In 1926, an entrepreneur named Conley Trigg Snidow, Sr. purchased the land and began developing an amusement park for the people of Mercer County, West Virginia. The park, which featured a ferris wheel and a swing ride, was popular among locals in the county, particularly families of coal miners who resided in the area. It also featured a swimming pool, race track, concession stands, dance hall, and cabins for overnight stays. Two drowning deaths were reported during Snidow's ownership, as well as the death of a young girl on the swing ride in 1966. The park was closed in 1967 because of a failed health inspection.

In 1985, former employee Gaylord White purchased the land and reopened the park in the summer of 1987. After increasing insurance rates forced the park to close in 1988, White sought other uses for the location, such as fishing tournaments and off-road motorsports. In the early 1990s, White's work crews uncovered numerous Native American artifacts on the property dating to before the arrival of Anglo-European settlers. Archeologists from Marshall University spent several years uncovering artifacts and graves, and a total of thirteen Native American skeletons were uncovered, mostly of elderly people and young children.
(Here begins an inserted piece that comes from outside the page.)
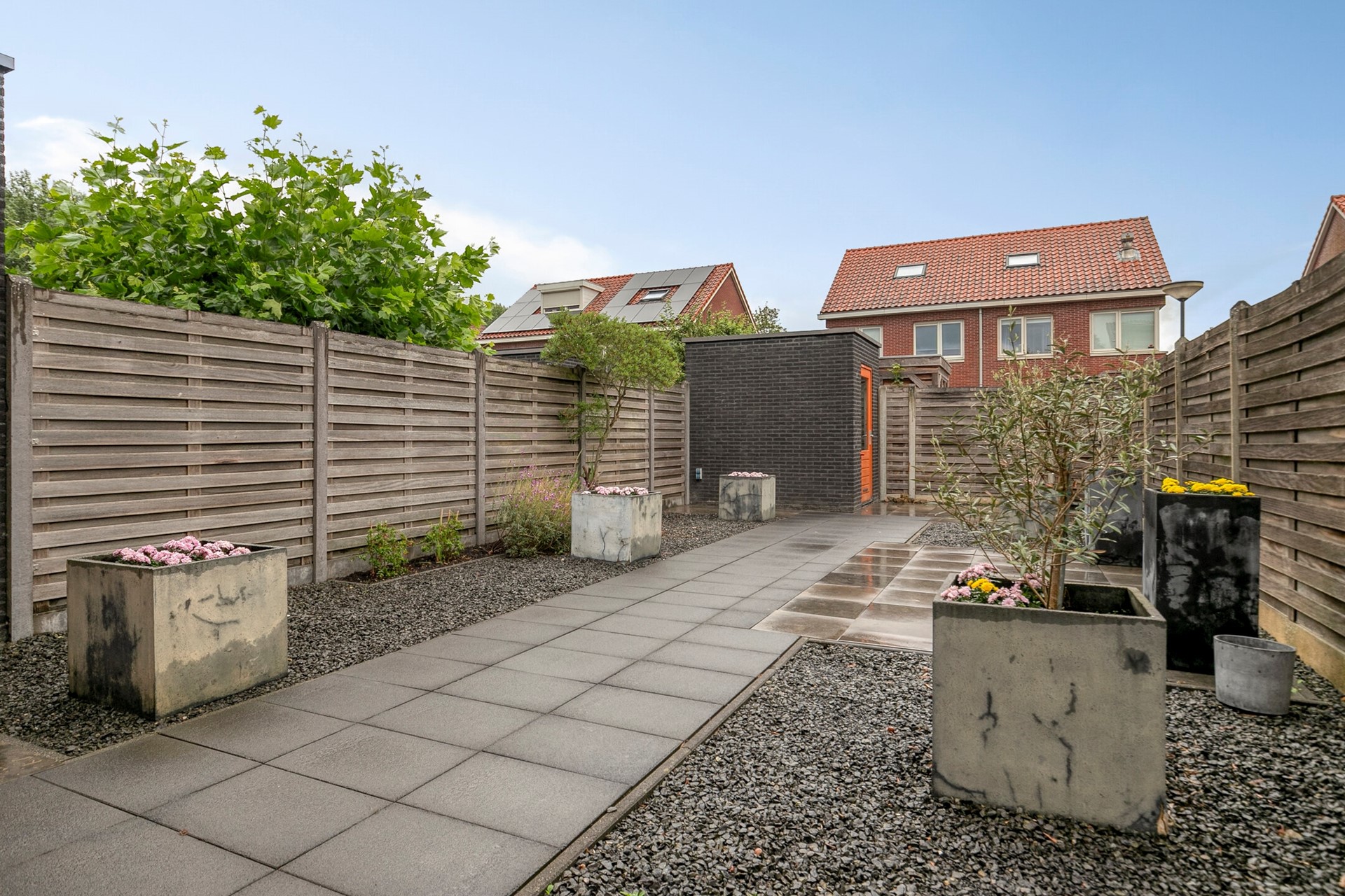 De tuin is onderhoudsvriendelijk, geheel omsloten en heeft een vrije achterom. Achterin de tuin staat een berging van ca 2.5 x 2.0 m.

Shortly after, White began hosting Halloween week guided paranormal tours of the property.

==In the media==
===Television===
The park was featured on the television series Scariest Places on Earth in 2002 which aired on ABC Family.

The abandoned Lake Shawnee Amusement Park was also showcased on the part 5 episode of Most Terrifying Places in America which aired on the Travel Channel in 2010.

In 2010, Everyday Paranormal featured Lake Shawnee Amusement Park in Season 2 of Discovery Channel's Ghost Lab.

In 2018 lake Shawnee was featured on The Dead Files: Season 9, Episode 12 - Rotten Tomatoes episode titled "Terrorland"

In 2019, Lake Shawnee Amusement Park was also featured in a haunted locations on the paranormal TV series, Most Terrifying Places which aired on Travel Channel.

The park was also featured on the paranormal TV series, The UnXplained which aired on History Channel in 2019.

The park was featured in a 2021 episode of Portals to Hell with Jack Osbourne.